Evaluating online in the world of shopper media…



While online marketing activity is ever growing in its importance, accurately measuring the true impact for brands presents an on-going challenge. Blanket coverage, much like press and TV activity, across grocery e-commerce sites means there is no robust control to compare against. No ‘new news’ there then.


In what should be a phenomenally data-rich channel, it seems that the appetite amongst the Major Mults to uncover what works best for which brand is somewhat absent. On the other hand, brands themselves are asking more than ever the question, “Is my online shopper spend seeing a payback?” . As the ability to robustly measure in-store activity through test and control methodologies becomes embedded into FMCG businesses, the focus turns to measuring online. So how can it be measured?


There are three methodologies to be considered.


Methodology One | Test vs. Control Over Time

This method is one that most will be familiar with: by plotting sales for a SKU or brand over time before overlaying secondary space, promotions and online media, we can identify ‘test and control periods’. The aim is to find the same promotion and secondary space, with and without online media support. Incremental uplifts driven by the media can then be isolated.


So, what are the watch outs? Firstly, as test and controls are identified at various times seasonality can influence the results. Secondly, smaller SKUs or brands that have highly fluctuating sales can make it difficult to identify control periods and therefore isolate the influence of the media.


Methodology Two | Dark Stores


Another methodology that takes brands a step forward in evaluating online is through ‘dark stores’. Dark Stores are effectively warehouses that are used only by ‘pickers’ to fulfil online orders; shoppers do not have access to these stores. Therefore, using sales from these dark stores a test period can be established when online media is live, versus a control period when there is no online activity. Uplift %, Uplift £ and ROI can then be measure and analysed at a Featured SKU and Brand level.


Are there any watch outs here? Yes, as dark stores are limited in number, there can be some issues with robustness.

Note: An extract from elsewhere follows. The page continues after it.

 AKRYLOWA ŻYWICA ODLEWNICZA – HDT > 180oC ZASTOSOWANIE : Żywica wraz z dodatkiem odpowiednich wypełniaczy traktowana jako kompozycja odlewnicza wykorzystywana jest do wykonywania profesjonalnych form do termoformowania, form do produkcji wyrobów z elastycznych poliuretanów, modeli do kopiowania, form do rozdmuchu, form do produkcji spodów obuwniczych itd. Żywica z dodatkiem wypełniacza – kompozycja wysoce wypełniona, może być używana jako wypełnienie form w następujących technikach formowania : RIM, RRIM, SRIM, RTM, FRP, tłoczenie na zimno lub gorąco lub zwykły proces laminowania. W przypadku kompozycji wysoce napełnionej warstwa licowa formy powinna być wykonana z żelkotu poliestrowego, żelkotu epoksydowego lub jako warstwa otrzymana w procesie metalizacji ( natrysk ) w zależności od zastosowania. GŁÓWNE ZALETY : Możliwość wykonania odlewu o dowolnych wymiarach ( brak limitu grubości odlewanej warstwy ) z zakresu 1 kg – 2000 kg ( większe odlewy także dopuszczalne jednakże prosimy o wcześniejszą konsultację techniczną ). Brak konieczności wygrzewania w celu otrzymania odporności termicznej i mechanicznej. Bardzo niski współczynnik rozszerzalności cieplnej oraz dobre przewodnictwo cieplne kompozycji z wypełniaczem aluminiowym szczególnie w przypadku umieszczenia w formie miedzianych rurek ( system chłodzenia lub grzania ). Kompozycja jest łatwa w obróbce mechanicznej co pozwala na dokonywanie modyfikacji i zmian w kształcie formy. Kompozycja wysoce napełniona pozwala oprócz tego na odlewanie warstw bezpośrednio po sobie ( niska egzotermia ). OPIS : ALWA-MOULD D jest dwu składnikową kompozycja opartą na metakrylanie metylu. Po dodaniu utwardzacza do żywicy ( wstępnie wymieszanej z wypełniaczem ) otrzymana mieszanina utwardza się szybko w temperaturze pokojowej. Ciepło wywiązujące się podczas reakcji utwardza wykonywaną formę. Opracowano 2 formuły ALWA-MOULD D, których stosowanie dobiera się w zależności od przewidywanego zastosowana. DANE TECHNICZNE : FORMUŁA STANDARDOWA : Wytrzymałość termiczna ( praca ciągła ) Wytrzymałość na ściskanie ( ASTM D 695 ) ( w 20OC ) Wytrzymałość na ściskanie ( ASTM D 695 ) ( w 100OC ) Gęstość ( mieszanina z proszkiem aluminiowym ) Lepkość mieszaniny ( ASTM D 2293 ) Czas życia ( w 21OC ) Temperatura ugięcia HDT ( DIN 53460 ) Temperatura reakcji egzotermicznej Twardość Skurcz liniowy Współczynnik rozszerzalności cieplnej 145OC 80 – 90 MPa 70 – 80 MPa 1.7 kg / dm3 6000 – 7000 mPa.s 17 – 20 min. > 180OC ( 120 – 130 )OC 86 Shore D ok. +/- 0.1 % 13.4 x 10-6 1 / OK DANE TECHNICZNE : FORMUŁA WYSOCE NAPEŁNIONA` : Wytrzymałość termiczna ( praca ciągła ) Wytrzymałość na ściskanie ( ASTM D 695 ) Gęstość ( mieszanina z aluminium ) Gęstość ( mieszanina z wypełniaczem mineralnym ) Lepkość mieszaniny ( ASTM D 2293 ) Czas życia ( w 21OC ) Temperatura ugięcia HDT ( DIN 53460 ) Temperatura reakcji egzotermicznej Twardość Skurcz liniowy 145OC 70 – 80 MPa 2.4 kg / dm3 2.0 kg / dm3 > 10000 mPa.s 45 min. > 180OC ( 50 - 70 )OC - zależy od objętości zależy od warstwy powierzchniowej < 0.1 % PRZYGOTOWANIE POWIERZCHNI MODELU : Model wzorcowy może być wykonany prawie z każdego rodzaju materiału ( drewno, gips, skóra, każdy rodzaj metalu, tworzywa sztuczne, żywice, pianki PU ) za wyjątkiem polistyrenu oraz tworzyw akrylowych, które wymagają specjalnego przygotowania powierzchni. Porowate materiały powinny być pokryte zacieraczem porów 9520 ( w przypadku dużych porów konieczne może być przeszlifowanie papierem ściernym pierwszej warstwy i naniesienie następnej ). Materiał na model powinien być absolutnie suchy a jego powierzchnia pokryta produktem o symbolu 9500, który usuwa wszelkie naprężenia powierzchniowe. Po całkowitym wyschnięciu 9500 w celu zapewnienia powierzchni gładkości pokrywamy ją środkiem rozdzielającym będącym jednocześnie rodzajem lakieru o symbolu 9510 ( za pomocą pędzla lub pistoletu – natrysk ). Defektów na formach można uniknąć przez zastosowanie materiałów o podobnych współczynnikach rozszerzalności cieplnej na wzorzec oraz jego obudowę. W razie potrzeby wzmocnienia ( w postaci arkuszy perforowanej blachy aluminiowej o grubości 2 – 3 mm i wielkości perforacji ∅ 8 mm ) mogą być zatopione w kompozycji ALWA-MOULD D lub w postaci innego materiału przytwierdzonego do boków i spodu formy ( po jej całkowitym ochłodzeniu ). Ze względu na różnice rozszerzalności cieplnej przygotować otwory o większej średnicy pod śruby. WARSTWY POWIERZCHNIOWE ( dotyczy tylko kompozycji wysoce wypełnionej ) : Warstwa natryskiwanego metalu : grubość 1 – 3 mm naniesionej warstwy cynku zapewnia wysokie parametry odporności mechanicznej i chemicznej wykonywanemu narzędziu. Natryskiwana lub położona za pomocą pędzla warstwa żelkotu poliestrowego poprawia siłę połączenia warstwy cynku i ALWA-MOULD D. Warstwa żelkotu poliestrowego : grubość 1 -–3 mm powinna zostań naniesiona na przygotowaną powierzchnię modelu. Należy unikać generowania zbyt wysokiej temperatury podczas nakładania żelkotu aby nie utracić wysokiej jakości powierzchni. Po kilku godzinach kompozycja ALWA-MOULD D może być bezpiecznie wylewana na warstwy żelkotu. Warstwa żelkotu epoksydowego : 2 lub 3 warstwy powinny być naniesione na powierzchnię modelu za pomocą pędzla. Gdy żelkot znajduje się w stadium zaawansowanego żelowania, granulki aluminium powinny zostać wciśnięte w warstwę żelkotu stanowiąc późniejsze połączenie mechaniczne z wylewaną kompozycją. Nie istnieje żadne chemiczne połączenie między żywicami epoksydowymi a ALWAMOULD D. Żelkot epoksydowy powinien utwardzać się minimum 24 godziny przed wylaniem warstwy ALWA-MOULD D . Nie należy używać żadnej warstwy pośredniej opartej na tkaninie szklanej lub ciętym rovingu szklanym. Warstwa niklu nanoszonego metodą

Methodology Three | Geo-targeted Banners


Finally, and hot off the press, is geo-targeting online banners. Only recently available at ASDA.com, but no other supermarket websites, this method allows the first attempt of robust test and control evaluations of online media.


Banners are served to shoppers within a certain drive time to store, these stores become the Test Stores. Test stores are then matched to control stores, whose customers do not see the online banner (but are otherwise almost exactly the same to the test stores), to create a matched pair.


Once matched pairs are established – Uplift %, Uplift £ and ROI can be established at a featured SKU, Brand and Category level. This final approach is definitely the biggest step forward in terms of understanding how online activity is working for brands on grocery e-commerce sites and one we are excited about at Lobster.


Conclusion

Although there continues to be hype around online, it must be put in perspective – yes, it is growing and yes there is continued innovation in this area. However, online remains a small part of the pie – Tesco, for example, sees c.10% of sales attributed to online which, when worked out in value, is equivalent to something like 40 Extra stores. So next time you look to invest even £10,000, remember that equates roughly to £250 ‘cost per store’. Understanding online cost per store equivalents, coupled with the difficulties of measuring what works for brands means that justifying investment can be difficult for shopper teams. Even if methodologies are not as robust as the classic test vs control matched pairs approach, brands must look test and learn where possible – the above methodologies are a good starting point.